Input your coil's measurements to find it's spring rate.
Q -Mike,
Finally, I can ask an expert. I’m a member of a Classic Mustang forum where the “popular wisdom” is that if one cuts a spring, say a fraction of a coil (like 1/4 to 1/2), the spring *rate* increases.
I’m an engineer (but alas an EE!) with no practical knowledge on the matter — BUT, this “popular wisdom” tends to run contrary to my intuition.
OK,
within elastic limits of a spring in compression, does cutting a spring’s free length change the rate (i.e., the “k” in F=k*x)??.I think it changes the rated load (as a percentage of the reduction in overall length) as the reduced overall length also reduced the total “F,” or load, the spring can handle (max deflection/compression but I just don’t see how the metal knows that part of it has been lopped-off or not.

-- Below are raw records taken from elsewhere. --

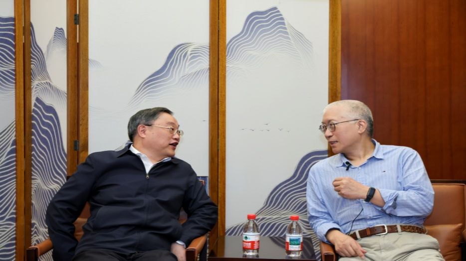 图2 成旦红书记与王晓明教授会前亲切交谈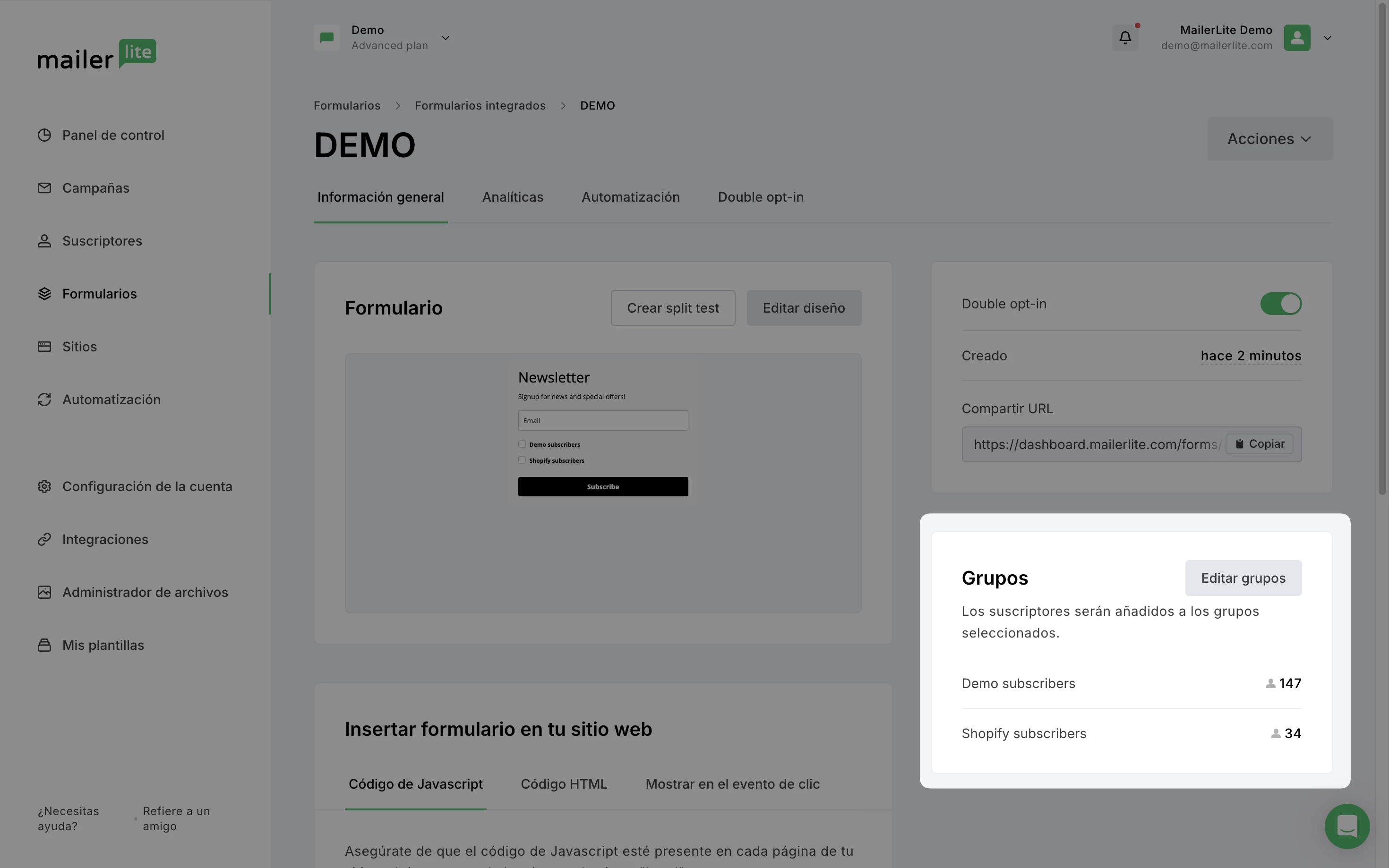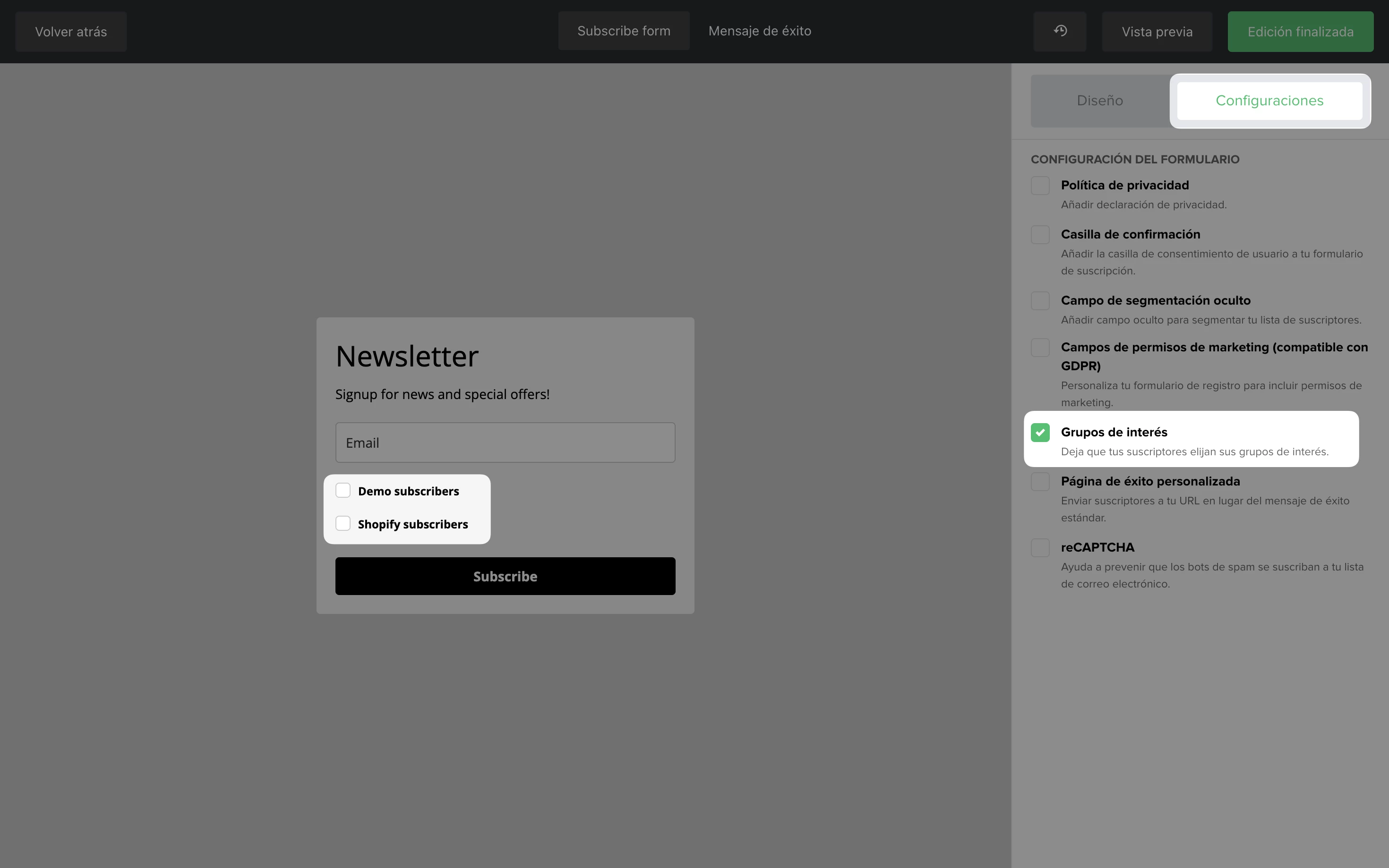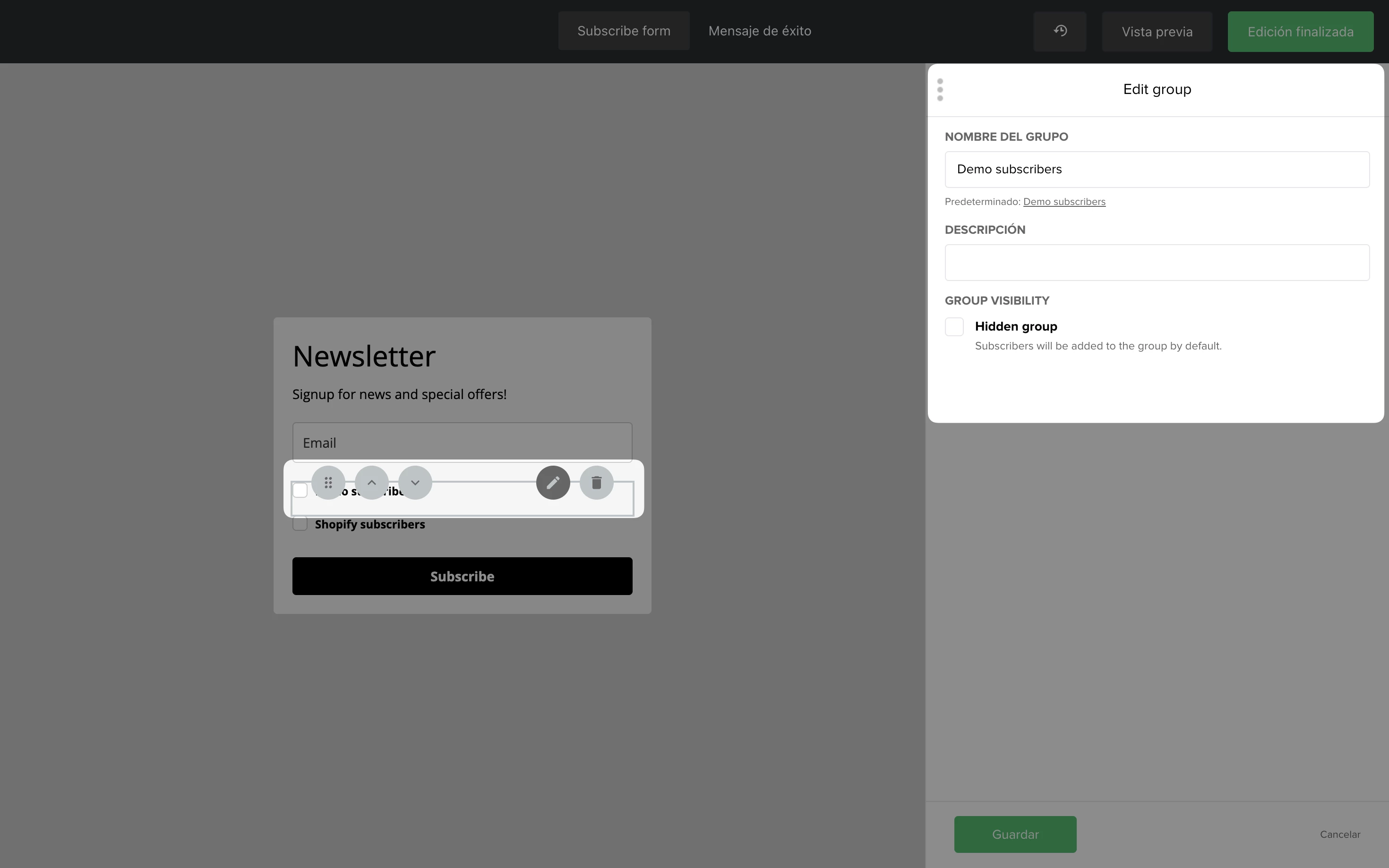 Si quieres ocultar algún grupo, marca la casilla Grupo oculto. Todos los suscriptores de tu formulario de suscripción se añadirán automáticamente al grupo oculto, así como a cualquier grupo de interés que ellos mismos seleccionen.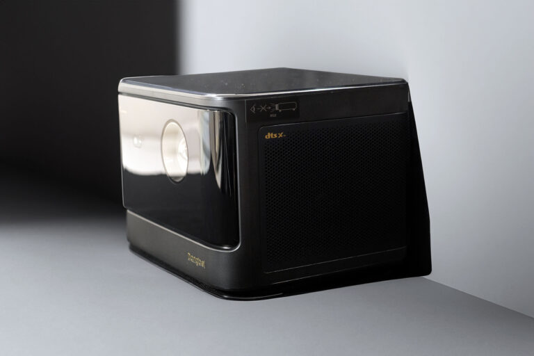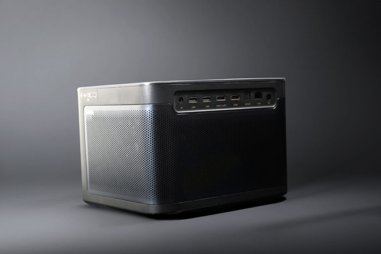 Ce projecteur suit une tendance de projecteurs au format presque cubique qui avait été initiée à l'époque avec XGIMI et qui par la suite a été copiée et recopiée par de nombreuses autres marques. La particularité de ce modèle, c'est qu'il peut être monté sur un support à bascule comme le JMGO N1 Ultra.
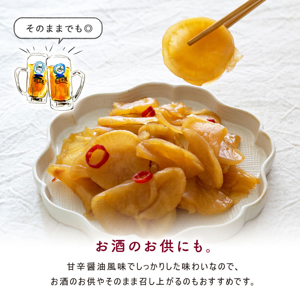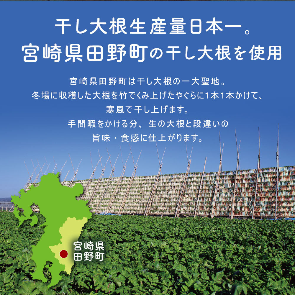 | 干しだいこん、漬け原材料[果糖ぶどう糖液糖、食塩、しょうゆ、醸造酢、酒精、とうがらし、ぬか類]/調味料(アミノ酸等)、カラメル色素(※天然色素)、(一部に小麦・大豆を含む) |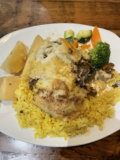 We came in a family of 4 (2 kids) for lunch, the ambiance is a bit stuffy, but ok, the place was nearly empty, so we figured we'll get quick service. The menu threw me off right away. One of those places serving everything under the moon - Italian specials for lunch, American fare with burgers and such, Indian food with curries, did find some Greek items as well.
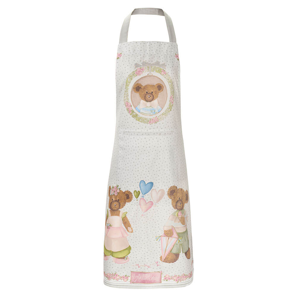 Il Grembiule Sweet Bear Lui di Nuvole di Stoffa è perfetto per chi ama una cucina curata, dolce e luminosa. Il fondo avorio a micro pois dona un’eleganza discreta, mentre il medaglione sul petto con l’orsetto “Lui” (tra ghirlanda verde, roselline rosa e fiocco) crea un punto focale raffinato. In basso, la scenetta con i due orsetti e i palloncini a cuore aggiunge quel tocco romantico che fa subito atmosfera. Il taschino frontale è comodissimo per canovacci e utensili: pratico da usare, bellissimo da lasciare a vista.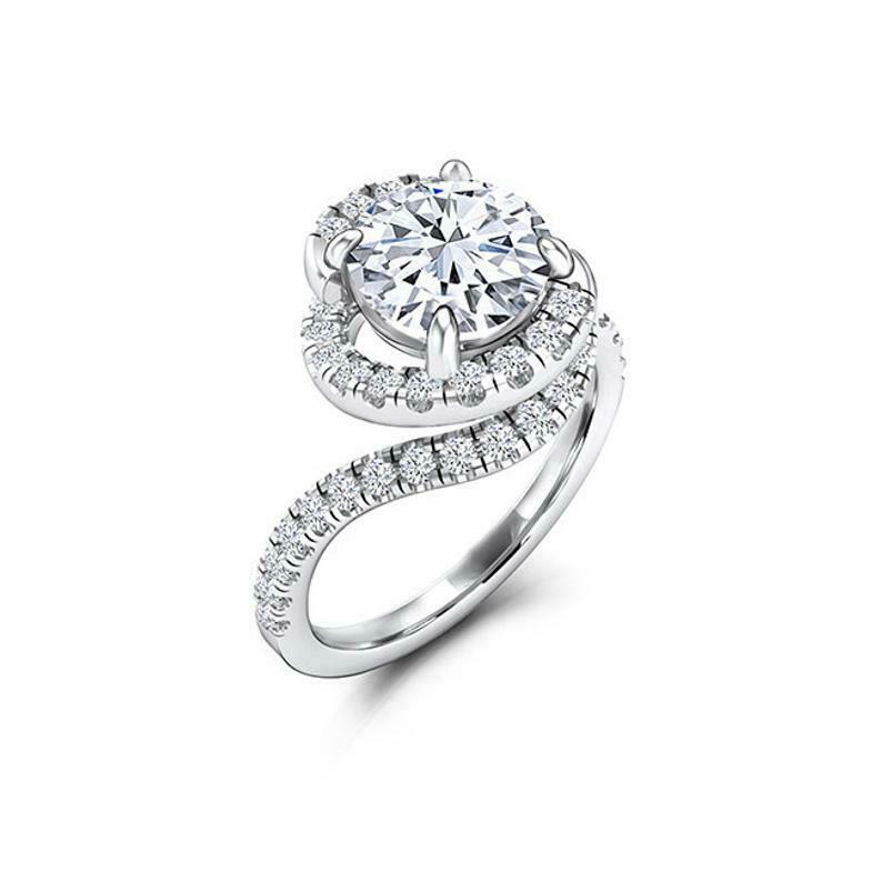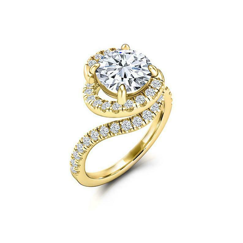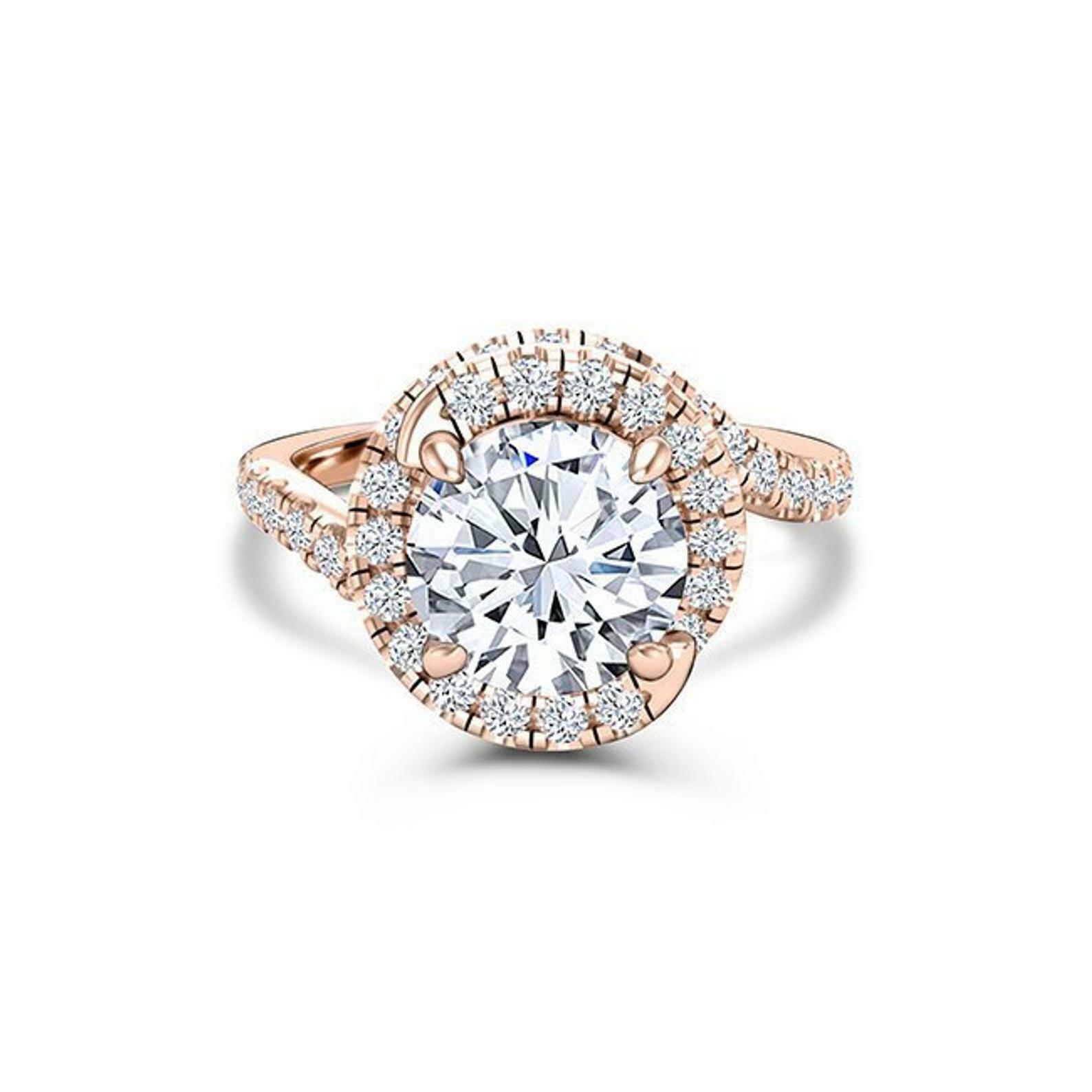 Swirl Twist Solitaire Engagement Ring 2ct Round Cut Diamond 14k Rose Gold Finish

So, is *k* a function of spring length (and number
of coils)?I would really appreciate a bit more of information on what factors drive the *k* value for a given spring design (mostly I’m focused on coils for front springs here).
I’ve read your web sites Spring Tech 101 and it doesn’t address this specific question in detail.
Also, I know lots of restomod folks cut springs to achieve a certain ride height. But is this really the best practice if limited to less than, say, 10% of a spring’s original length??.
I think I already know the answer
to this, but I want an expert opinion please.And, do you by chance know what the factory ride height of a ’67 Mustang GT at front and rear as measured from the spindle/axle centers to the fender lip center are??.
I cannot find this data anywhere.
Scott
A – Scott,
“Popular wisdom” rules. Cutting coils does increase the spring rate. Let me explain why.
The strength of a spring, leaf or coil is a function of the cube of the steel used. Keeping with the subject of your question, coil springs, the diameter of the wire and the length of the wire will give us the amount of steel used.
For this whole discussion we will be talking about springs with the same wire diameter and the same inside diameter. The only thing that will change will be the length of the wire used to wind the spring.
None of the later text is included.